## Aim of the exercise
A faithful, picture-free copy of the listing below is required.

## Exercise inputs
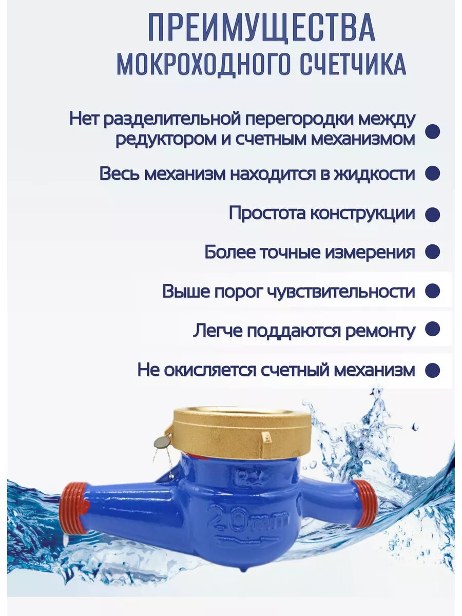 Счетчик воды ЭКО НОМ мокроходный (D-20мм, L-195мм) с КМЧ, чугун интересное:
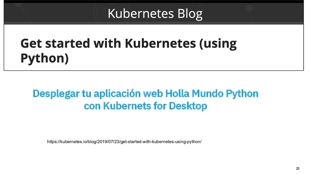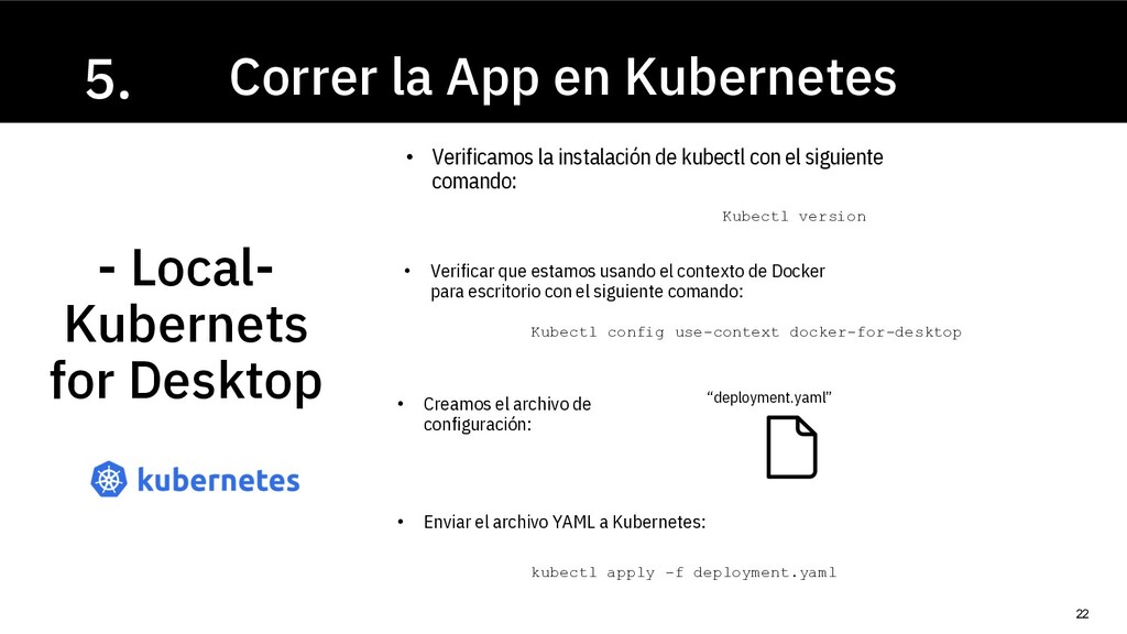 comando: Kubectl version • Verificar que estamos usando el contexto de Docker para escritorio con el siguiente comando: Kubectl config use-context docker-for-desktop - Local- Kubernets for Desktop “deployment.yaml” • Enviar el archivo YAML a Kubernetes: kubectl apply -f deployment.yaml • Creamos el archivo de configuración: Correr la App en Kubernetes 5.
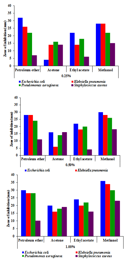 Among the extracts, the firmly present phytochemical constituents were the flavonoids and anthraquinones in petroleum ether; flavonoids, terpenoids, triterpenoids, phlobatannins and anthraquinones in acetone; alkaloids and terpenoids in ethyl acetate; and flavonoids, terpenoids and phenols in methanol. Avaram tea point out the solid presence of triterpenoids and phlobatannins. The antibacterial activity signifying the zone of inhibition by Senna auriculata floral extracts are presented in Figure 2. At concentration 0.25%, methanol extract was found to exhibit the maximum activity (32mm) against Escherichia coli followed by acetone (28mm) and petroleum ether (15mm) extracts in Staphylococcus aureus, and by both the microorganisms reported above (22mm) in the ethyl acetate extract. At 0.50% concentration, it was methanol, trailed by acetone, ethyl acetate and petroleum ether extracts which specified maximum activity by hindering the growth of Staphylococcus aureus and their respective values were 30, 28, 26 and 18mm, and acetone extract (28mm) against Escherichia coli. A similar pattern followed at 1.0% preventing the growth of Staphylococcus aureus and the values were 36, 34, 30 and 23mm respectively Figure 3 ; Table 2. Overall results indicated that among the bacterial strains tried, supreme antibacterial action at the lowest concentration (0.25%) was unveiled by the petroleum ether extract against Escherichia coli; acetone extract against Staphylococcus aureus; ethyl acetate extract against Escherichia coli and Staphylococcus aureus, and methanol extract against Staphylococcus aureus; and at the highest concentration (1.00%) it was displayed against Staphylococcus aureus for all the extracts except for methanol against Klebsiella pneumonia. The order of the antibacterial efficacy was petroleum ether>ethyl acetate>acetone>methanol extracts proving their efficacy against Gram positive and negative strain, i.e. Staphylococcus aureus and Escherichia coli.
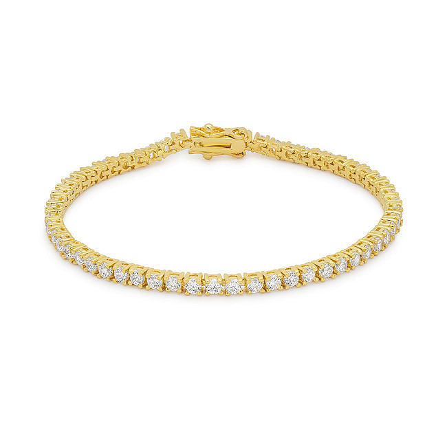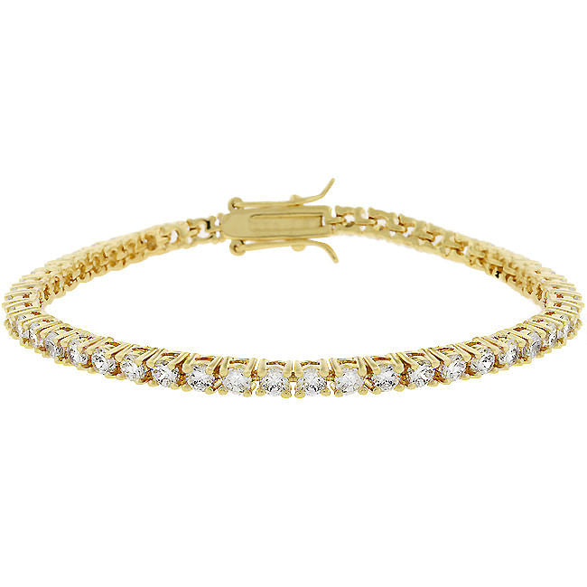Base Metal: Lead Free Alloy (brass) Style: Classic Setting Type: Prongs Materials: Cubic Zirconia Stone Cut: Round Carat Weight: 11.4 (ct) Plating Color: Goldtone Finish Bracelet Clasp: Lock Stone Size: 3 (mm) X 3 (mm) Product Dimensions: 8 Inch
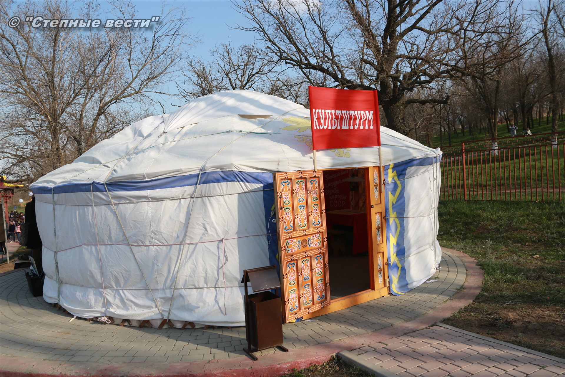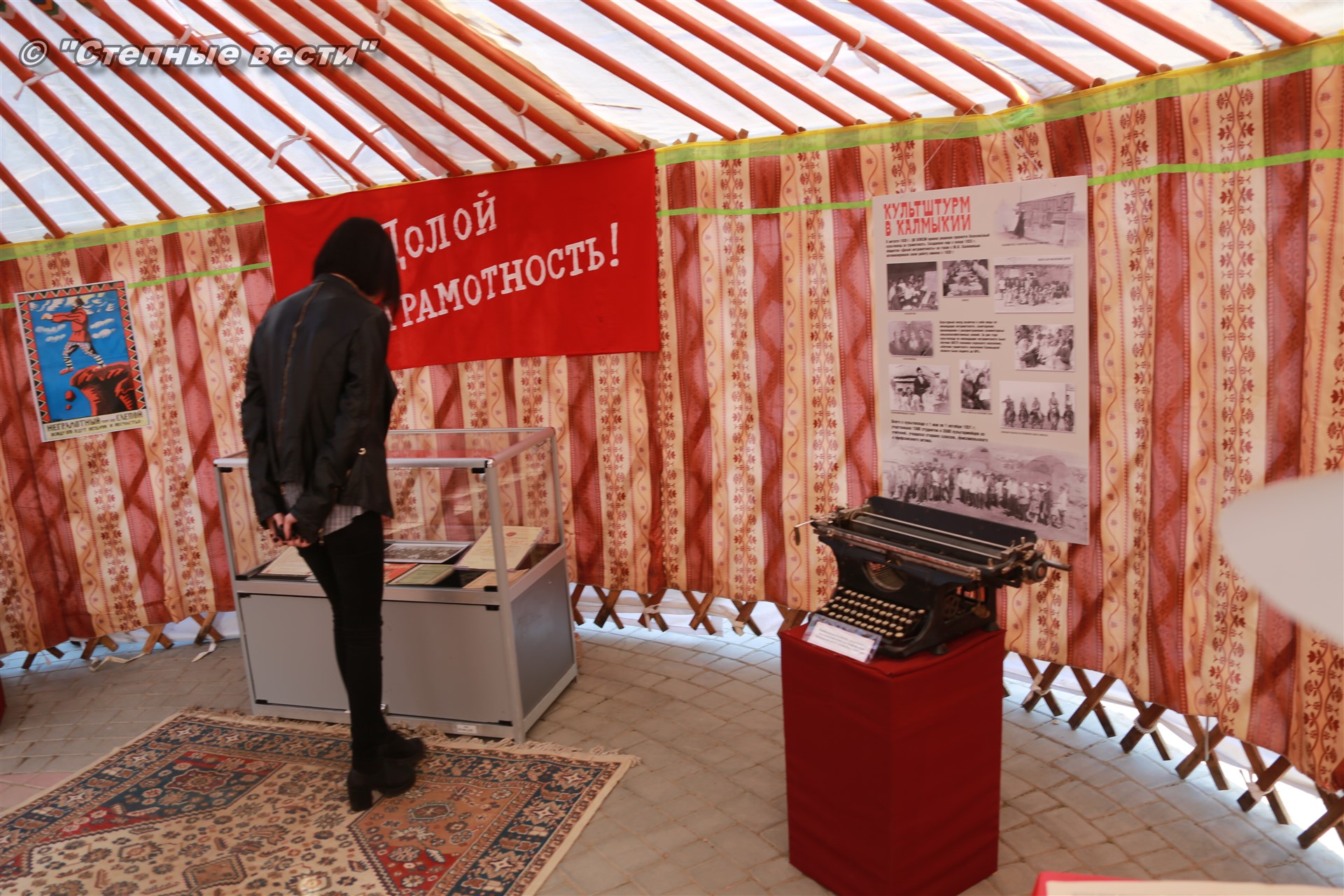 В этнохотоне, на первый взгляд, кажется, что все как-то обыденно и ничего нового. Но стоило поближе приглянуться, то можно было встретить много чего интересного. Мое внимание привлекла табличка возле одной из кибиток с названием «Культштурм в Калмыкии». Зайдя туда, я встретил научного сотрудника экспозиционного отдела Национального музея Калмыкии им. Н. Пальмова Ирину Каруеву и поинтересовался экспозицией, которая располагалась в кибитке.
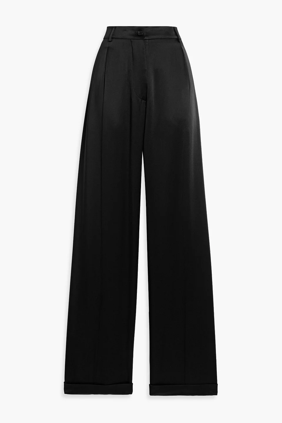 Straight-leg pants satin pleated side slit pockets back welt pockets belt loops high-rise cut folded cuffs button and concealed zip fastening at front mid-weight, non-stretchy fabric dry clean made in italy 65% Acetate 35% Viscose Product Code 46376663162918780
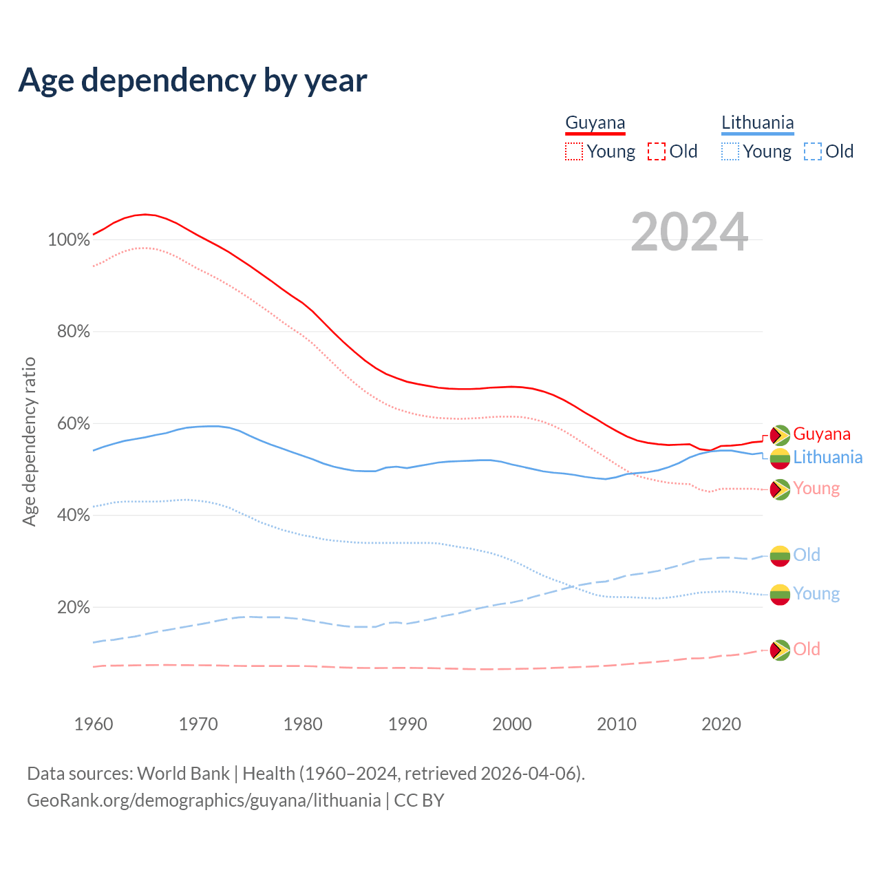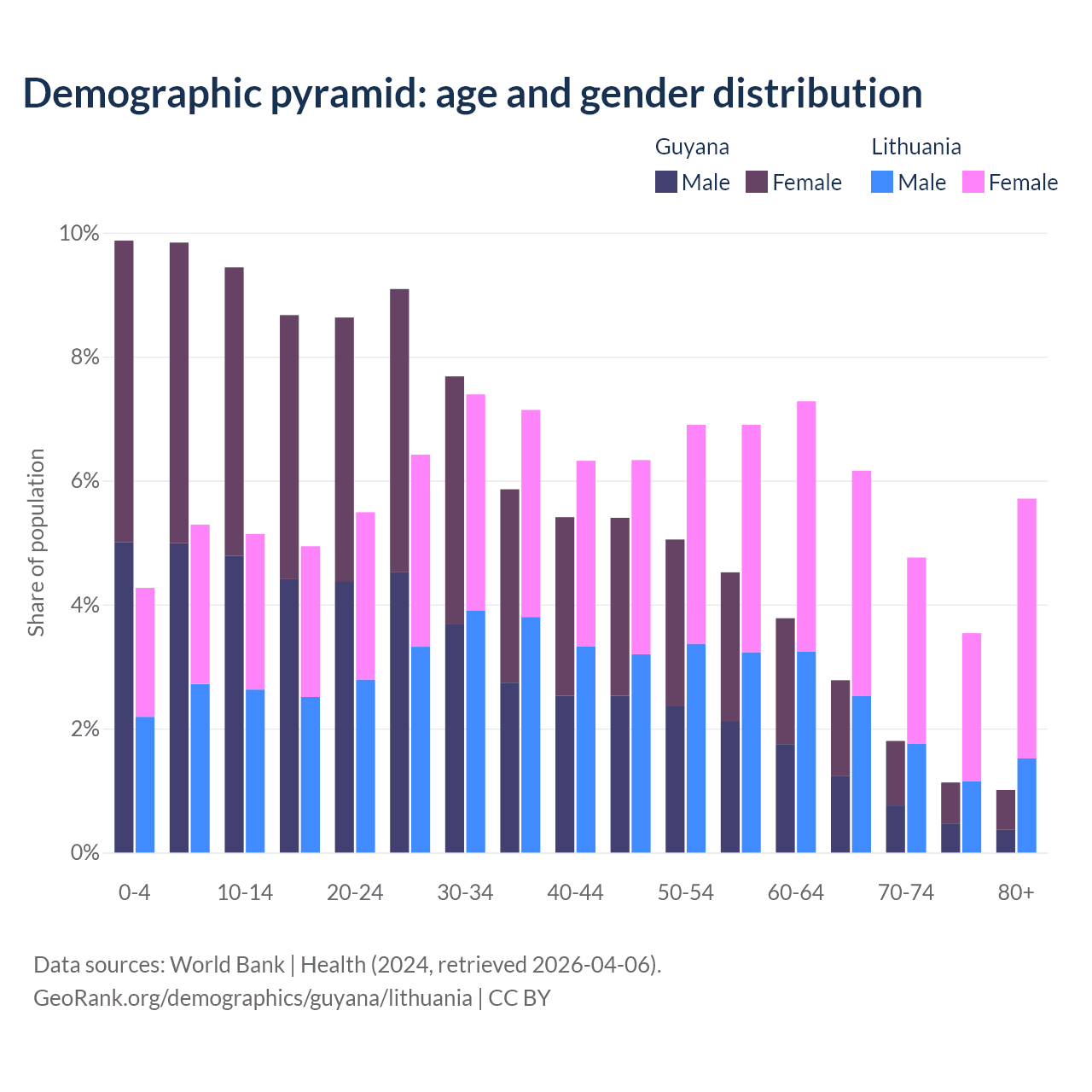 - The share of old-age demographic (65+) in Guyana is 6.73% vs 20.2% in Lithuania.

## Answer to this problem
 Счетчик воды ЭКО НОМ мокроходный (D-20мм, L-195мм) с КМЧ, чугун интересное:
 comando: Kubectl version • Verificar que estamos usando el contexto de Docker para escritorio con el siguiente comando: Kubectl config use-context docker-for-desktop - Local- Kubernets for Desktop “deployment.yaml” • Enviar el archivo YAML a Kubernetes: kubectl apply -f deployment.yaml • Creamos el archivo de configuración: Correr la App en Kubernetes 5.
 Among the extracts, the firmly present phytochemical constituents were the flavonoids and anthraquinones in petroleum ether; flavonoids, terpenoids, triterpenoids, phlobatannins and anthraquinones in acetone; alkaloids and terpenoids in ethyl acetate; and flavonoids, terpenoids and phenols in methanol. Avaram tea point out the solid presence of triterpenoids and phlobatannins. The antibacterial activity signifying the zone of inhibition by Senna auriculata floral extracts are presented in Figure 2. At concentration 0.25%, methanol extract was found to exhibit the maximum activity (32mm) against Escherichia coli followed by acetone (28mm) and petroleum ether (15mm) extracts in Staphylococcus aureus, and by both the microorganisms reported above (22mm) in the ethyl acetate extract. At 0.50% concentration, it was methanol, trailed by acetone, ethyl acetate and petroleum ether extracts which specified maximum activity by hindering the growth of Staphylococcus aureus and their respective values were 30, 28, 26 and 18mm, and acetone extract (28mm) against Escherichia coli. A similar pattern followed at 1.0% preventing the growth of Staphylococcus aureus and the values were 36, 34, 30 and 23mm respectively Figure 3 ; Table 2. Overall results indicated that among the bacterial strains tried, supreme antibacterial action at the lowest concentration (0.25%) was unveiled by the petroleum ether extract against Escherichia coli; acetone extract against Staphylococcus aureus; ethyl acetate extract against Escherichia coli and Staphylococcus aureus, and methanol extract against Staphylococcus aureus; and at the highest concentration (1.00%) it was displayed against Staphylococcus aureus for all the extracts except for methanol against Klebsiella pneumonia. The order of the antibacterial efficacy was petroleum ether>ethyl acetate>acetone>methanol extracts proving their efficacy against Gram positive and negative strain, i.e. Staphylococcus aureus and Escherichia coli.
Base Metal: Lead Free Alloy (brass) Style: Classic Setting Type: Prongs Materials: Cubic Zirconia Stone Cut: Round Carat Weight: 11.4 (ct) Plating Color: Goldtone Finish Bracelet Clasp: Lock Stone Size: 3 (mm) X 3 (mm) Product Dimensions: 8 Inch
 В этнохотоне, на первый взгляд, кажется, что все как-то обыденно и ничего нового. Но стоило поближе приглянуться, то можно было встретить много чего интересного. Мое внимание привлекла табличка возле одной из кибиток с названием «Культштурм в Калмыкии». Зайдя туда, я встретил научного сотрудника экспозиционного отдела Национального музея Калмыкии им. Н. Пальмова Ирину Каруеву и поинтересовался экспозицией, которая располагалась в кибитке.
 Straight-leg pants satin pleated side slit pockets back welt pockets belt loops high-rise cut folded cuffs button and concealed zip fastening at front mid-weight, non-stretchy fabric dry clean made in italy 65% Acetate 35% Viscose Product Code 46376663162918780
 - The share of old-age demographic (65+) in Guyana is 6.73% vs 20.2% in Lithuania.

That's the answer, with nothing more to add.